Even so, this didn't stop the company coming under fire from end users on social networking sites and from market watchers for even daring to suggest its service could be offline for such a lengthy period of time.
In the end, the system upgrade was reportedly completed by around 5pm ET on Sunday.
Feeding back
Speaking to Cloud Pro ahead of last week's downtime, Clive Longbottom, service director at IT analyst house Quocirca, said even though the work was taking place at the weekend, it could still harm business productivity.
“Forty-eight hours is the sort of time that would be seen as being necessary for a complete forklift upgrade and it makes no odds whether it is at the weekend or staggered over nights, as these are now meaningless on the global stage,” he said.
The projected length of the upgrade was also completely unnecessary, Longbottom continued, and suggests shortcomings in the way the Verizon Cloud is built.
The platform was launched in October 2013 and offers users access to public cloud-based compute and storage services, and draws on the communication provider’s myriad of datacentres dotted around the world and its networking capabilities to deliver them.
“It shows an insane lack of understanding from Verizon on how a cloud should operate,” Longbottom said.
“If a cloud is architected correctly then it can be taken down piecemeal for maintenance, still providing adequate access to the functional parts of [it].
“Verizon should have architected its cloud correctly: it should be able to take components out of the cloud and replace them on a bit-by-bit level without impacting the cloud itself,” he added.
However, James Staten, vice president and principal analyst covering infrastructure and operations professionals at fellow market watcher Forrester, told Cloud Pro the outcry prompted by the downtime was out of proportion.
“It only affects [its] newest Verizon Cloud service, so it does not affect any of its other cloud or managed hosting services. And, given how new this service is, there really aren’t all that many customers or workloads on [it] yet.

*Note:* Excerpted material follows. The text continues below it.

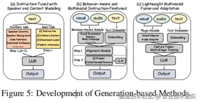 **利用多模态语言模型(LLMs)的高效微调方法。**多模态LLMs在使机器跨模态学习方面取得了重大进展。一些模型越来越多地应用于多模态情感识别(MERC),能够实现不同模态下的零样本或少量样本泛化。在MERC中使用LLMs为捕捉更深层次的语义和对话线索开辟了新的可能性,而不仅仅是表面的情感信号。然而,对于情感理解的高效微调这些模型仍然面临挑战,尤其是在资源有限和文化多样化的环境中。如何高效地适应多模态语言模型(MMLMs),以捕捉不同数据集、语言或跨文化背景下情感的细微差别,仍然是一个开放的研究领域。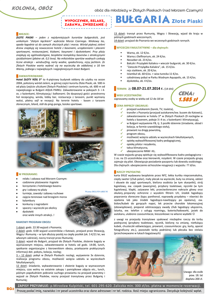 KOLONIA, OBÓZ obóz dla młodzieży w Złotych Piaskach (nad Morzem Czarnym) WYPOCZYNEK, RELAKS, ZABAWA, ZWIEDZANIE :) MIEJSCE: ZŁOTE PIASKI – jeden z najsłynniejszych kurortów bułgarskich, jest unikalnym "złotym kącikiem" wybrzeża Morza Czarnego. Wiekowy las, opada łagodnie aż do samych złocistych plaż i morza. Wśród pięknej zieleni drzew znajdują się nowoczesne hotele z basenami, urządzeniami i placami sportowymi, restauracjami, klubami, kasynami i dyskotekami. Przy plaży znajdują się ogólnodostępne, bezpłatne kompleksy basenów z atrakcyjnymi zjeżdżalniami (płatne ok. 0,5 leva). Na miłośników sportów wodnych czekają liczne atrakcje - windsurfing, narty wodne, spadochrony, rejsy jachtem. Ze Złotych Piasków warto wybrać się na wycieczkę do oddalonej o 10 km Warny, jednego z największych i najpiękniejszych miast Bułgarii. ZAKWATEROWANIE: Hotel ZŁOTY RÓG 3* to 4-piętrowy budynek oddany do użytku na sezon 2004, położony wśród zieleni, w górnej części kurortu Złote Piaski, ok. 500 m od plaży (zejście uliczkami Złotych Piasków) i centrum kurortu, ok. 600 m od największego w Bułgarii AQUA PARKU. Zakwaterowanie w pokojach 3- i 4os. z łazienkami, klimatyzacją i balkonami. Do dyspozycji gości: przestronny hol recepcyjny, winda, lobby bar, restauracja z tarasem, punkt wymiany walut, płatny sejf w recepcji. Na terenie hotelu - basen z tarasem słonecznym, bilard, stół do ping-ponga, boisko sportowe. W PROGRAMIE: relaks i zabawa nad Morzem Czarnym: codzienne plażowanie i kąpiele korzystanie z hotelowego basenu gry i zabawy na plaży turnieje, zawody i zabawy ruchowe zajęcia terenowe nad brzegiem morza kalambury konkursy z nagrodami spacery i wycieczki po okolicy dyskoteki oraz wiele innych atrakcji..! Warna DELFINARIUM RAMOWY PROGRAM OBOZU 1 dzień: godz. 22:30 wyjazd z Poznania; 2 dzień: godz. 6:00 wyjazd uczestników z Katowic, przejazd przez Słowację, Węgry i Rumunię – w tym dłuższy postój na ciepły posiłek (ok. 5 €/21 lei, we własnym zakresie), nocny tranzyt przez Rumunię; 3 dzień: wjazd do Bułgarii, przyjazd do Złotych Piasków, złożenie bagaży w wyznaczonym miejscu, zakwaterowanie w hotelu od godz. 14:00, lunch, spotkanie organizacyjne z kierownikiem obozu, przekazanie praktycznych informacji dot. pobytu, kolacja, nocleg; 3 – 12 dzień: pobyt w Złotych Piaskach: noclegi, wyżywienie 3x dziennie, realizacja programu obozu, możliwość wzięcia udziału w wycieczkach fakultatywnych; 12 dzień: śniadanie, wykwaterowanie i złożenie bagaży w wyznaczonym miejscu, czas wolny na ostatnie zakupy i pamiątkowe zdjęcia etc., lunch, późnym popołudniem pobranie suchego prowiantu na przejazd powrotny i wyjazd ze Złotych Piasków, nocny przejazd tranzytowy przez Bułgarię i Rumunię; BG2 BUŁGARIA Złote Piaski 13 dzień: tranzyt przez Rumunię, Węgry i Słowację, wjazd do kraju w późnych godzinach wieczornych; 14 dzień: przyjazd do Poznania we wczesnych godzinach rannych. WYCIECZKI FAKULTATYWNE – dla chętnych: Warna, ok. 12 €/os. Warna z Delfinarium, ok. 24 €/os. Nesseber ok. 23 €/os. Bałczik i Przylądek Kaliakra + wieczór bułgarski, ok. 30 €/os. "Zatoczki Przylądka Kaliakra", ok. 15 €/os. rejs statkiem, ok. 20 €/os. Istambuł ok. 60 €/os. + wiza turecka 11 €/os. całodniowy pobyt w Parku Wodnym Aquapolis, ok. 15 €/os. dyskoteka, ok. 4 €/os. TERMIN: 2) 08.07-21.07.2014 r. (14 dni) WIEK UCZESTNIKÓW: zapraszamy osoby w wieku od 12 do 18 lat CENA: 1.585 zł CENA IMPREZY OBEJMUJE: przejazd autokarem (barek, TV, toaleta), transfer z Poznania (przejazd autokarem/ew. busem do Katowic), zakwaterowanie w hotelu 3* w Złotych Piaskach (9 noclegów w hotelu z basenem, pokoje 3 i 4 os. z łazienkami i klimatyzacją), w Bułgarii wyżywienie FB, tj. 3 posiłki dziennie (śniadanie, obiad i kolacja, w formie szwedzkiego stołu), prowiant na drogę powrotną, program obozu, możliwość wzięcia udziału w wycieczkach fakultatywnych, opiekę wykwalifikowanej kadry pedagogicznej, opiekę pilota i rezydenta, taksa klimatyczna, ubezpieczenie NNW i KL. W czasie wyjazdu grupą opiekuje się wykwalifikowana kadra pedagogiczna 1 os. na 15 uczestników oraz kierownik, rezydent. W czasie przejazdu grupą zajmuje się pilot. Obowiązuje posiadanie paszportu lub dowodu osobistego. Dla chętnych: ubezpieczenie od kosztów rezygnacji z wyjazdu: ?? zł/os. RZECZY PRZYDATNE: karta EKUZ wydawana bezpłatnie przez NFZ, lekka kurtka nieprzemakalna, ciepły sweter (i/lub polar), mały plecak na wycieczki, buty na zmianę, odzież i obuwie do zajęć sportowych, bielizna osobista (w tym skarpetki), strój kąpielowy, ew. czepek (awaryjnie), przybory toaletowe, ręczniki (w tym kąpielowy), klapki, zażywane leki, przeciwsłoneczne nakrycie głowy oraz okulary, preparaty ochronne z wysokim filtrem UV, środek łagodzący poparzenia słoneczne (typu panthenol, naprawdę przydatny – również do opalania lub jako środek łagodząco-nawilżający po opalaniu), ew. bidon/kubek do gorących napoi, lek przeciw chorobie lokomocyjnej (obowiązkowo), preparat odstraszający owady i/lub łagodzący ukąszenia, latarka, ew. telefon z usługą roamingu, baterie/ładowarki, jasiek do autokaru, ulubione czasoumilacze, kieszonkowe na własne wydatki z uwagi na przejazdy tranzytowe spakować niezbędne rzeczy do torby podręcznej (przybory toaletowe, ręcznik, bieliznę na zmianę, nietłukący kubek, chusteczki odświeżające, prowiant, czasoumilacze: gry, karty, aparat fotograficzny etc.), pozostałe torby podróżnej lub plecaka bez stelażu (przechowywane w lukach bagażowych) Uwaga: dla osób pow. 18. lat dopłata 200 zł. ZAPISY PRZYJMUJE: p.Mirosław Kulpiński, tel. 601-295-620. Zaliczka min. 300 zł/os. płatna w momencie rezerwacji. Proszę podać imię, nazwisko i nr pesel uczestnika oraz dane adresowe i nr tel. rodzica. Ilość miejsc ograniczona. Decyduje kolejność wpłat.

“We estimate that less than 10 per cent of [Verizon’s] cloud/hosting customers have deployed anything to the new Verizon Cloud yet,” he added.
Additionally, the downtime is only scheduled to affect one out of the three compute resources (which include Reserved, Elastic, and Research) currently available on Verizon Cloud.
“Only Reserved is affected by this outage. Granted it is the primary resource type but most customers have not committed to these resources yet,” said Staten.
“As you would expect, companies tend to test things out on Research before deploying to Reserved, just as you would by building the app in test and development, then moving it later to production.”
He also echoed Verizon's claim that last weekend's outage will be the last round of maintenance for Verizon Cloud that would take that long.
“There are some elements of the architecture that were not optimised at first release. One such issue is not having the ability to apply firmware changes non-disruptively,” said Staten.
“This outage will add this capability and, as such, the hope is that this will be the last long full-service outage customers experience.”
Long-term effect
In light of the fact one of the main selling points of cloud is its “always-on” status, Longbottom fears that – even if this is the last time Verizon embarks on such a long period of maintenance – end users could be put off using public cloud by episodes like this.
“This will give public cloud a bad name – and will need strong messaging from the competitors out there to be able to ensure that people understand that this isn’t how cloud needs to be,” he explained.
“It’s bad enough with unplanned outages in the likes of AWS and [Microsoft] Azure – but I just cannot understand how Verizon is messing this up to such a major extent.”